British rabbi (1884–1953)

Shemtob Gaguin(e) (5 September 1884 - 30 July 1953) was a Sephardic rabbi and scion of a famous Moroccan rabbinical dynasty which emigrated to Palestine from Spain at the time of the Inquisition.

==Biography==
He was the great-grandson of R. Chaim Abraham Gagin, the first Hakham Bashi of the Holy Land during the Ottoman Empire, and the son and nephew respectively of Rabbis Isaac and Abraham Gaguin. He was the great-great-grandson of the famous scholar and kabbalist, Sar Shalom Sharabi.

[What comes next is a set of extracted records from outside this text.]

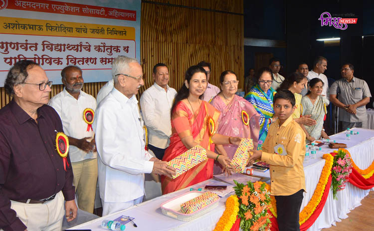 अहमदनगर एज्युकेशन सोसायटीचे माजी प्रमुख कार्यवाह स्व. अशोकभाऊ फिरोदिया यांच्या जयंतीनिमित्त संस्थेमधील सर्व शाळांमधील गुणवंत विद्यार्थ्यांच्या गुणगौरव व पारितोषिक वितरण समारंभाच्या अध्यक्षीय भाषणात शिक्षणाधिकारी गायकवाड बोलत होत्या. या कार्यक्रमास संस्थेच्या प्रमुख कार्यवाह छायाताई फिरोदिया, उपाध्यक्ष अशोक मुथा, सहकार्यवाह गौरव फिरोदिया, खजिनदार प्रकाश गांधी, सल्लागार मंडळाचे सदस्य आशाताई फिरोदिया, भूषण भंडारी, शैलेश मुनोत, पुष्पाताई फिरोदिया, तसेच मिनाताई बोरा, रविंद्र बाकलीवाल, जालिंदर बोरुडे, भाऊसाहेब फिरोदिया हायस्कूलचे मुख्याध्यापक उल्हास दुगड, अशोकभाऊ फिरोदिया हायस्कूलचे मुख्याध्यापक प्रभाकर भाबड, रुपीबाई मोतीलालजी बोरा न्यू इंग्लिश स्कूलचे मुख्याध्यापक अजय बारगळ आदींसह संस्थेच्या सर्व शाळांचे मुख्याध्यापक, पर्यवेक्षक, शिक्षक व शिक्षकेत्तर कर्मचारी, विद्यार्थी, पालक प्रतिनिधी मोठ्या संख्येने उपस्थित होते.
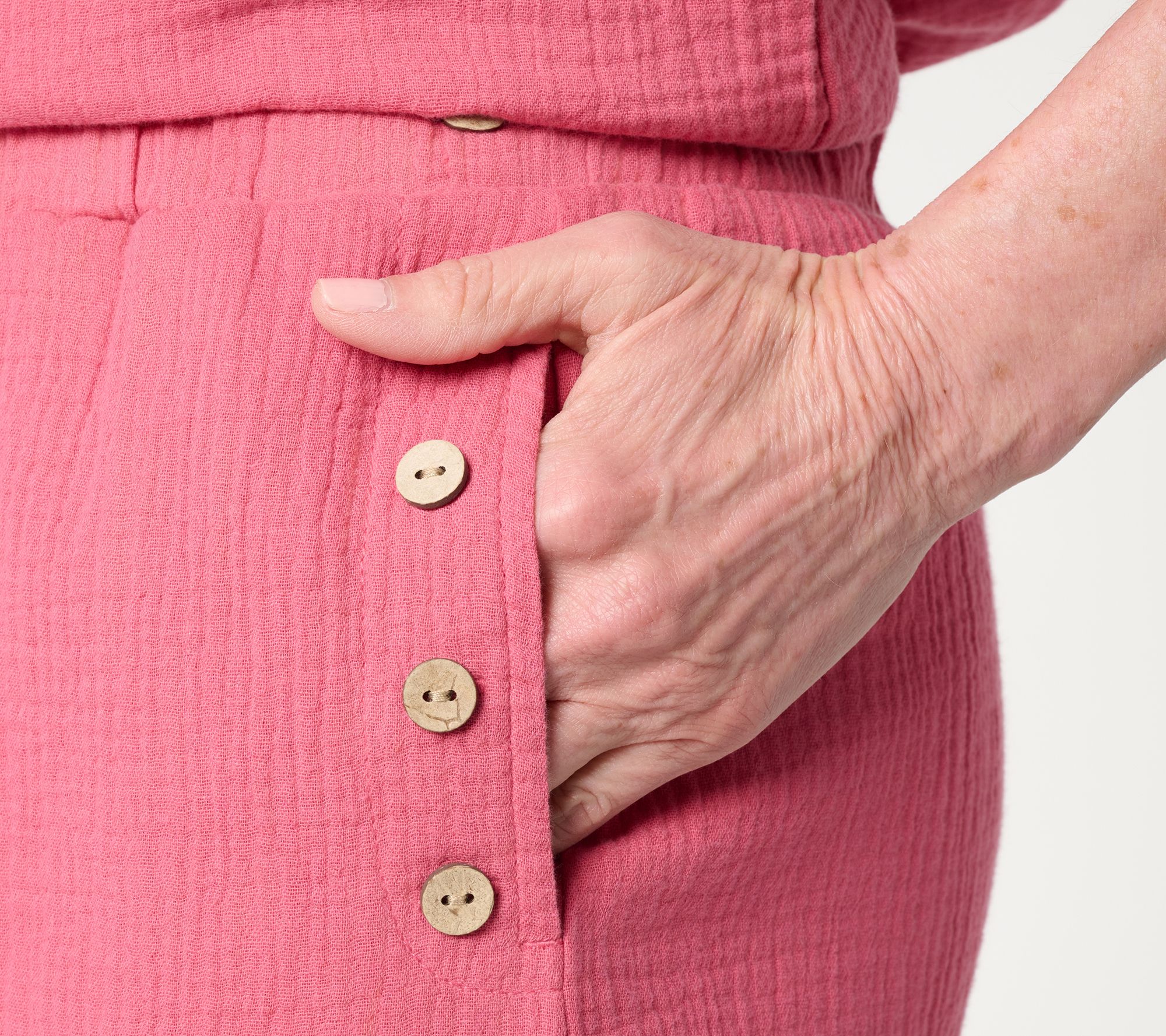 Instant vacay vibes. Slip into a pair of these marshmallow gauze ankle pants, and you'll feel a million miles away. Thier soft pillow-like feel, bouyed by a relaxed (and so on-trend) wide leg, is the essence of laid-back elegance, ideal for sightseeing excursions, al fresco dining, or evening walks by the water. Staying local? Pop on a floppy hat and some sunnies, and you've got a 'fit to channel those summer feels any day of the week. From the Joan Rivers Classics Collection®.
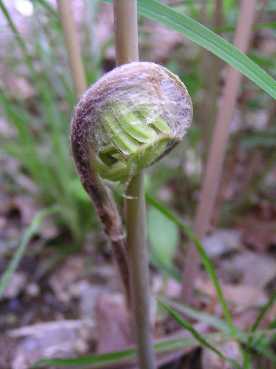 ・ゼンマイの名は良く知られているが、新芽以外はあまり知られていない。褐色のものは、胞子体(左写真)。
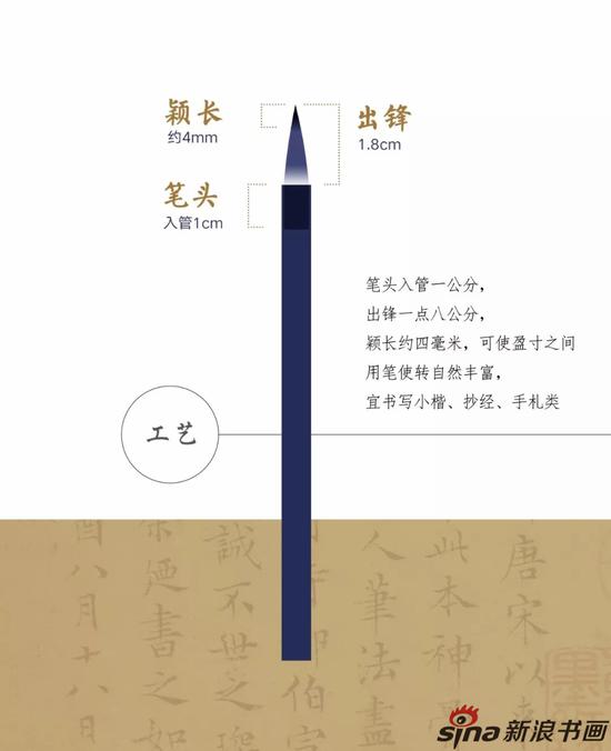 小小的毛笔正是带领我们穿梭时空诸法的利器。这批毛笔,工艺为独特的无披毛五层叠铺法,蓄墨下墨丰润,寿命倍于常规狼毫,可在万字以上。笔头入管一公分,出锋一点八公分,颖长约四毫米,可使盈寸之间用笔使转自然丰富,宜书写小楷、抄经、手札类。
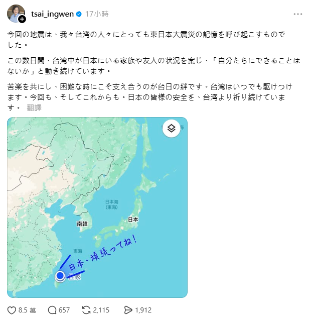 日本近來地震頻繁不平靜,20日才在東北三陸沖發生7.7強震,昨(22)天青森縣又發生5.1規模的極淺層地震,前總統蔡英文昨晚就在threads發日文關心日本朋友,祈禱一切平安,還跟上流行使用最新的「地圖喊話」方式,就有311受災戶留言感謝台灣對日本的救命之恩。
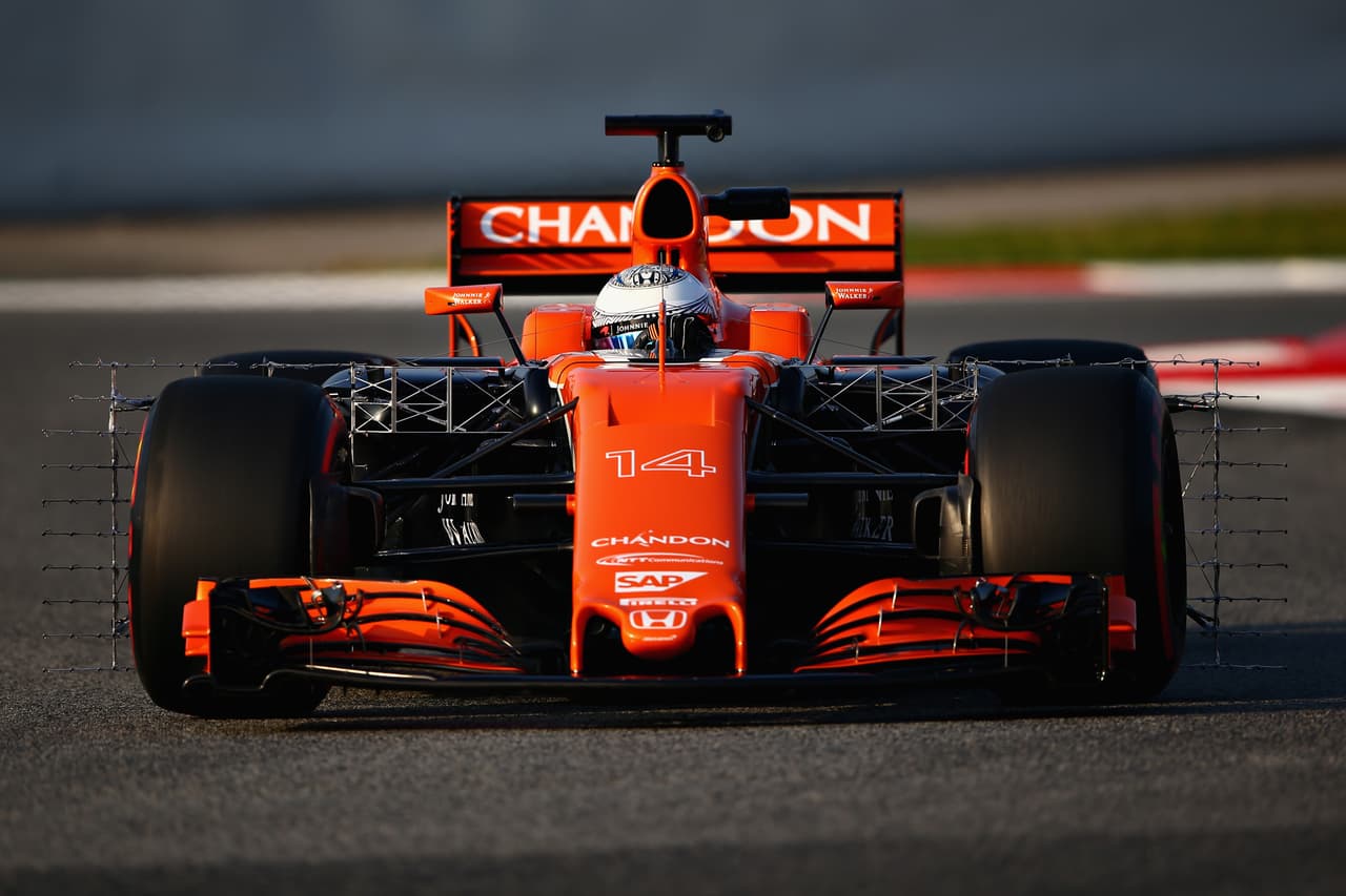 Este es el McLaren MCL32 en los primeros ensayos de la pretemporada en el circuito de Cataluña. Fernando Alonso y Stoffel Vandoorne serán los pilotos.

He studied at the "Doresh Zion" College, Jerusalem and was a pupil of R. Jacob Alfiya. At an early age, he contributed articles to the Palestinian Hebrew Press (Hahhabbezeleth et al.) on aspects of Jewish traditional observances, as well as on biblical and philological matters. He was awarded rabbinical diplomas by numerous authorities, including R. Haim Berlin and Chief Rabbis Jacob Meir, C.B.E. and Abraham Kook, C.B.E. of Palestine. In 1911, Rabbi Gaguine was appointed to serve in the office of dayyanut in Cairo. In 1919, he was invited to serve In Manchester, being appointed Ab Beth Din 1n 1920. In 1927 he was appointed Rosh Yeshibah of Judith Montefiore College in Ramsgate. He was also served as a Senior Rabbi to Lauderdale Road synagogue in Maida Vale of the Spanish and Portuguese Jews Congregation of London.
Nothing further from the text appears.